Your task is to transcribe all of the data below exactly, omitting the images.

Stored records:
· · · · ·
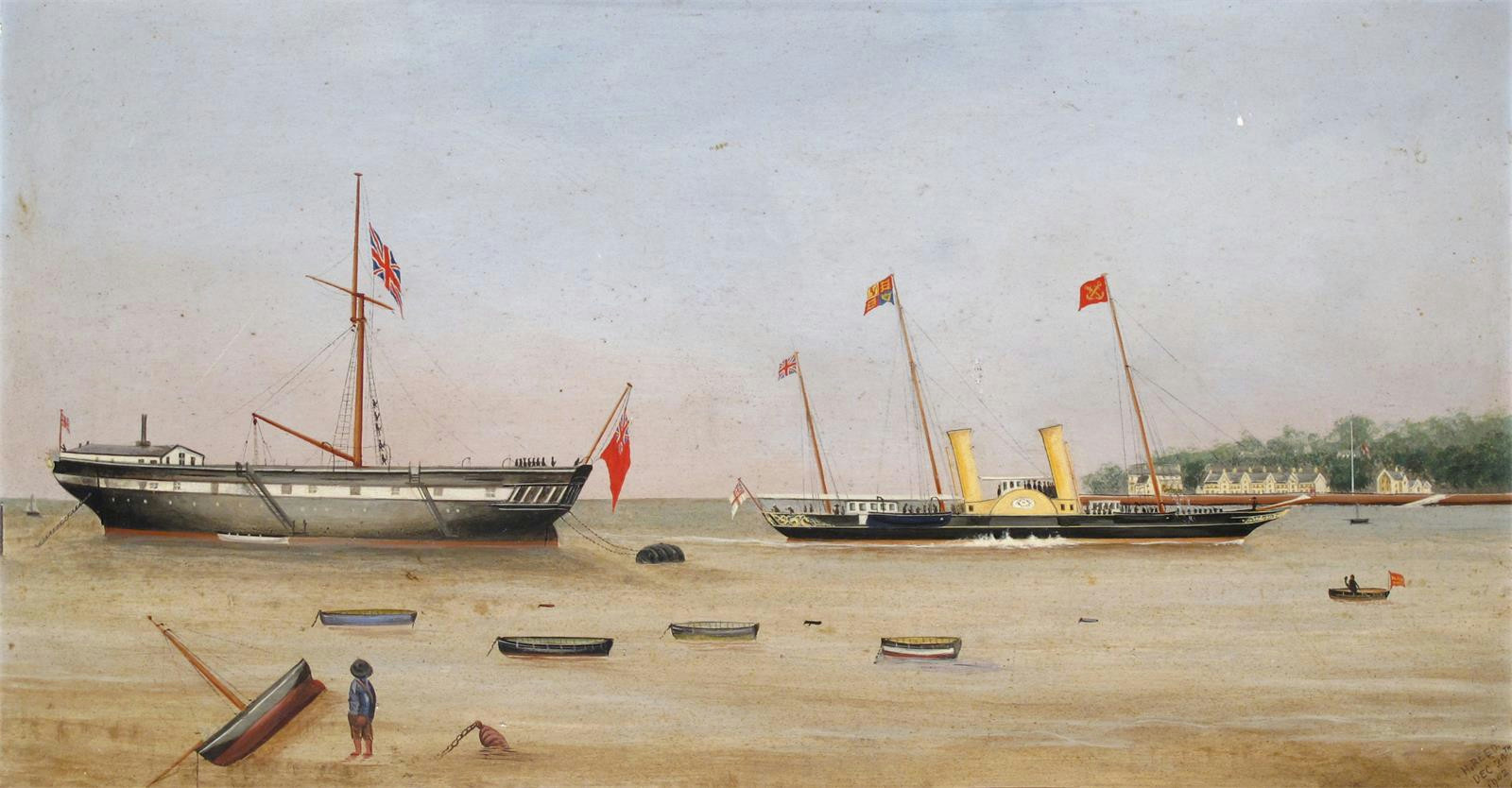 HMY Alberta and a hulk (Not Foudroyant), the last trip of Queen Victoria to Osborne House, Isle of Wight, December 1900
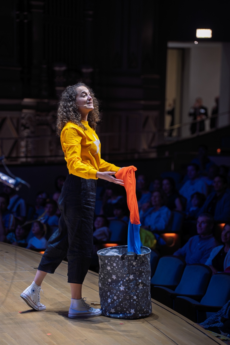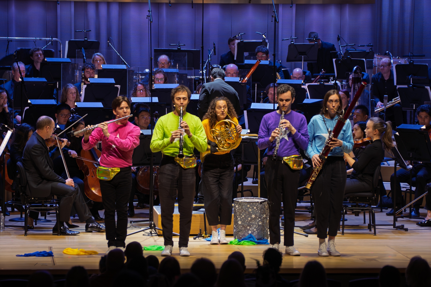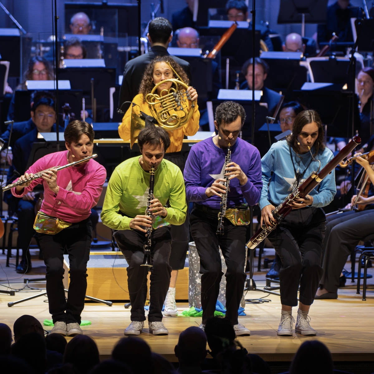 An audience of over 1,000 kids (and kids at heart) sang, laughed, and cheered for the San Diego Symphony and WindSync, who gave the world-premiere performance of my new piece, Space Junk, a Symphonic Children’s Story, on April 11, 2026. The project was two years in the making, and started when the WindSync team reached out to me looking for an alternative to their Peter and the Wolf arrangement. It just so happened San Diego Symphony was also looking for something new for young audiences. We all hopped on a zoom call and I shared Space Junk, a children’s story that I wrote ten years ago about a little star who gets covered in floating space debris, makes her way out, and turns the scattered junk into something beautiful. I had previously set this story to music for percussion, but the team agreed this was the story they were looking for, and asked me to create a new work for orchestra featuring WindSync. The piece features narration, theatrics, props, and audience participation including singing and clapping along (we got a group of 1,000 kids to sing and clap in rhythm!)
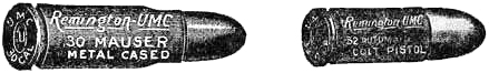Military Arms.—The revolver and the magazine pistol are used for military service. To fulfill the requirements these arms must be strong, very durable, and withstand a great amount of hard usage without becoming disabled. The effectiveness, or “stopping power,” is of prime importance. The caliber should be large, the bullet should have a blunt point, and the powder charge should be sufficiently powerful to give a penetration of at least six inches in pine. There was a tendency some years ago to reduce the caliber of military revolvers. While this resulted in increased velocity and penetration, and reduced the weight of the ammunition, it did not improve the stopping power of the arms.
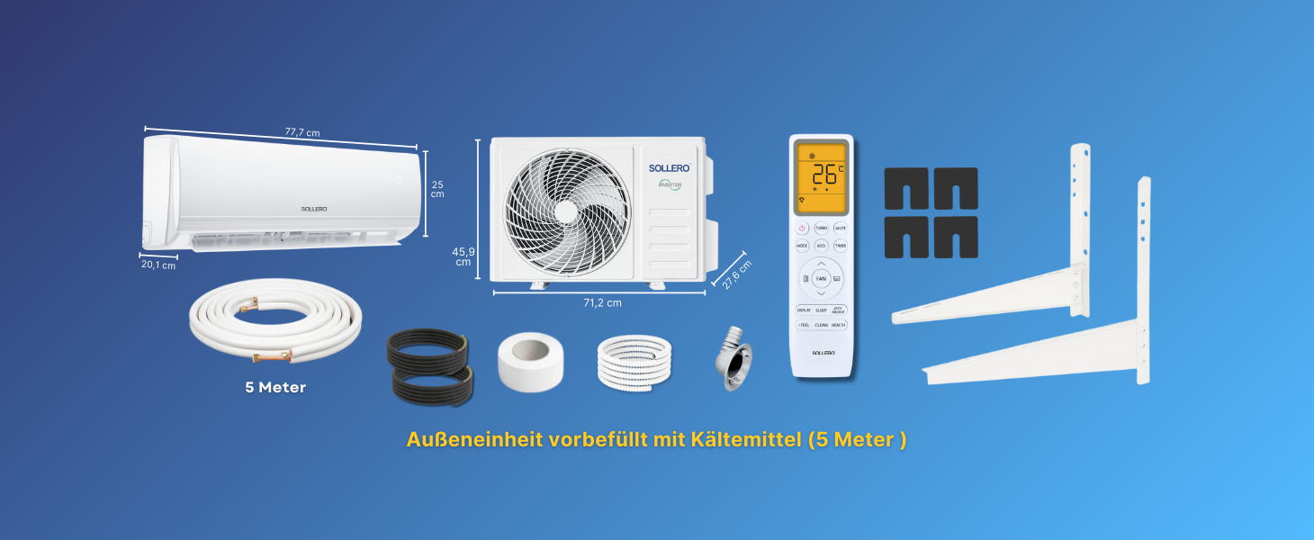 Die Sollero Klimaanlage besteht aus einer leisen Inneneinheit und einer robusten Außeneinheit – ideal für kleine Räume, Wohnungen oder Mietwohnungen. Dank moderner Inverter-Technologie und vorgefülltem R32-Kältemittel sorgt die Klimaanlage für effizientes Heizen und Kühlen bei geringem Stromverbrauch (A++).
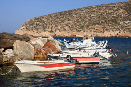 Fishing boat mooring in the port of Karavostasi on Folegandros island. Cyclades, Greece
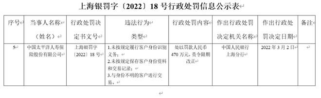 日前,央行公布行政处罚,因违反反洗钱规定,太平洋人寿被罚470万。具体来看,太平洋人寿存在未按规定履行客户身份识别义务、未按规定保存客户身份资料和交易记录、与身份不明的客户进行交易三项违法行为。
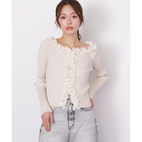 衿ぐりと前立てにシフォンのボリュームフリルをトリミングした華やかなニット。細身でほど良くフィットするリブニットと布帛フリルのコントラストがポイント。ほど良いデコルテ開きで首元をキレイに見せつつ、フリルにボリュームがあるので肩紐を気にしないで着られます。バイカラーの配色ブラックと、同色系でまとめたエクリュとピンクカラーも華やかで春のコーディネートにおすすめです。※撮影時照明の関係により、色味が違って見える場合がございます。またパソコン・スマートフォンなどの環境により、若干製品と画像のカラーが異なる場合もございます。予めご了承ください。商品の色味は、商品単品画像をご参照下さい。※商品画像はサンプルのため、色味やサイズ等の仕様に変更がある場合がございますので、予めご了承ください。
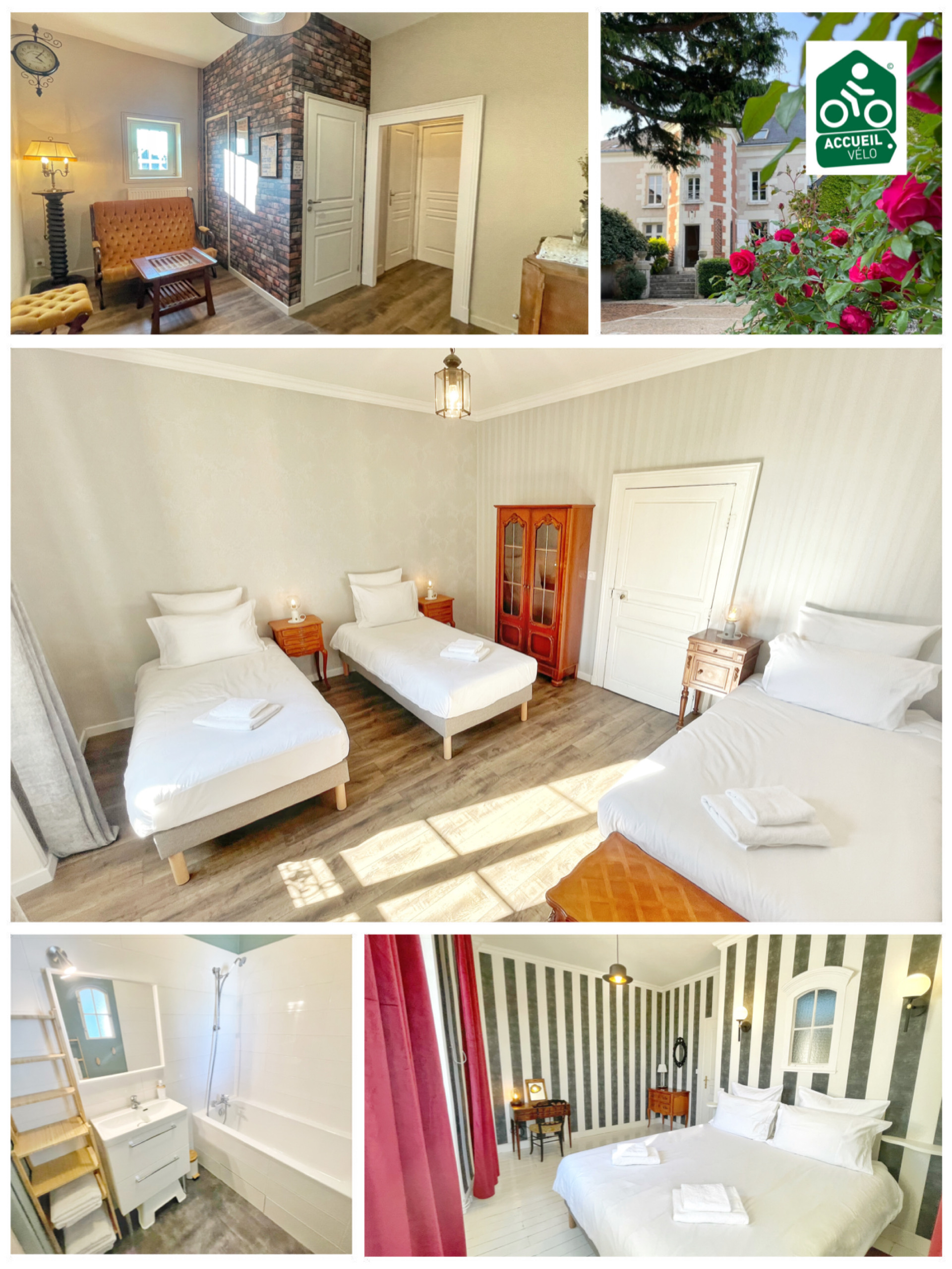 Notre suite d'une capacité de 5 personnes est idéale pour les groupes de cyclistes : chambre double et triple se partageant un salon privé, salle de bain et wc.
· · · · ·
**Written response:**
 HMY Alberta and a hulk (Not Foudroyant), the last trip of Queen Victoria to Osborne House, Isle of Wight, December 1900
 An audience of over 1,000 kids (and kids at heart) sang, laughed, and cheered for the San Diego Symphony and WindSync, who gave the world-premiere performance of my new piece, Space Junk, a Symphonic Children’s Story, on April 11, 2026. The project was two years in the making, and started when the WindSync team reached out to me looking for an alternative to their Peter and the Wolf arrangement. It just so happened San Diego Symphony was also looking for something new for young audiences. We all hopped on a zoom call and I shared Space Junk, a children’s story that I wrote ten years ago about a little star who gets covered in floating space debris, makes her way out, and turns the scattered junk into something beautiful. I had previously set this story to music for percussion, but the team agreed this was the story they were looking for, and asked me to create a new work for orchestra featuring WindSync. The piece features narration, theatrics, props, and audience participation including singing and clapping along (we got a group of 1,000 kids to sing and clap in rhythm!)
Military Arms.—The revolver and the magazine pistol are used for military service. To fulfill the requirements these arms must be strong, very durable, and withstand a great amount of hard usage without becoming disabled. The effectiveness, or “stopping power,” is of prime importance. The caliber should be large, the bullet should have a blunt point, and the powder charge should be sufficiently powerful to give a penetration of at least six inches in pine. There was a tendency some years ago to reduce the caliber of military revolvers. While this resulted in increased velocity and penetration, and reduced the weight of the ammunition, it did not improve the stopping power of the arms.
 Die Sollero Klimaanlage besteht aus einer leisen Inneneinheit und einer robusten Außeneinheit – ideal für kleine Räume, Wohnungen oder Mietwohnungen. Dank moderner Inverter-Technologie und vorgefülltem R32-Kältemittel sorgt die Klimaanlage für effizientes Heizen und Kühlen bei geringem Stromverbrauch (A++).
 Fishing boat mooring in the port of Karavostasi on Folegandros island. Cyclades, Greece
 日前,央行公布行政处罚,因违反反洗钱规定,太平洋人寿被罚470万。具体来看,太平洋人寿存在未按规定履行客户身份识别义务、未按规定保存客户身份资料和交易记录、与身份不明的客户进行交易三项违法行为。
 衿ぐりと前立てにシフォンのボリュームフリルをトリミングした華やかなニット。細身でほど良くフィットするリブニットと布帛フリルのコントラストがポイント。ほど良いデコルテ開きで首元をキレイに見せつつ、フリルにボリュームがあるので肩紐を気にしないで着られます。バイカラーの配色ブラックと、同色系でまとめたエクリュとピンクカラーも華やかで春のコーディネートにおすすめです。※撮影時照明の関係により、色味が違って見える場合がございます。またパソコン・スマートフォンなどの環境により、若干製品と画像のカラーが異なる場合もございます。予めご了承ください。商品の色味は、商品単品画像をご参照下さい。※商品画像はサンプルのため、色味やサイズ等の仕様に変更がある場合がございますので、予めご了承ください。
 Notre suite d'une capacité de 5 personnes est idéale pour les groupes de cyclistes : chambre double et triple se partageant un salon privé, salle de bain et wc.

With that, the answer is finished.